- Install Miniconda
- Conda is a package manager that sandboxes your project’s dependencies in a virtual environment
- Miniconda contains Conda and its dependencies with no extra packages by default (as opposed to Anaconda, which installs some extra packages)
- cd into src, run
conda env create -f environment.yml
- This creates a Conda environment called
cs229-project
- Run
source activate cs229-project
- This activates the
cs229-project
environment - Do this each time you want to write/test your code
- data.csv: list of image pairings and class curated from radiologist information
- legs_folder: excluded from github for privacy, but expected to contain MRIs.

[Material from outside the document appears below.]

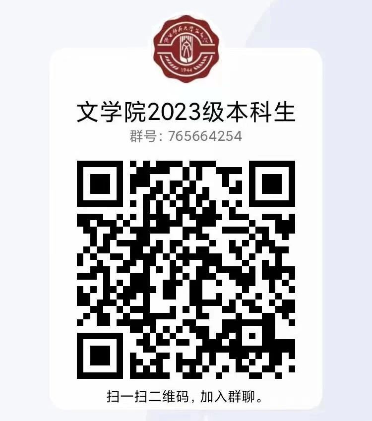 为帮助大家提前熟悉公司,做好开学准备工作,公司特建立2023级本科生QQ群(群号:765664254,群二维码见下图)。请各位新生同学申请加入QQ群时注明自己的姓名和专业(如:李某 汉语言文学-公费师范生),并在加群后及时修改自己的群昵称为:姓名-专业-联系方式(如:李某-汉语言文学-10000000000)。

Initial experimentation with histograms is contained in Baseline.ipynb
Jupyter notebooks as well as pickled output data and generated models are found in the inception folder. Key files:
- Tensorflow Inception v3 extraction.ipynb: contains pre-processing code for input images, and feature generation through inception model.
- inception_cnn_features2.pkl: selected set of features for images generated from tensorflow (dissimilarity of feature vectors, augmented, normalized and feature reduced)
- Inception CNN retraining.ipynb: various models trained on data generated with tensorflow.
- Ensemble Voter.ipynb: contains various models produced by voting ensembling inception and vbow models.
Work is contained in the vbow directory, which contains serialized models and intermediate data. Research work is spread through three notebooks: zach-cv.ipynb, zach-bagging.ipynb, and zach-models.ipynb. src/vision.py contains most of the core functionality, while the notebooks stitch things together.
- src/generate_features.py: contains utilities for feature generation, working with labels, and data augmentation.
- src/utils.py contains utilies for graphing, metrics evaluation, and analysis.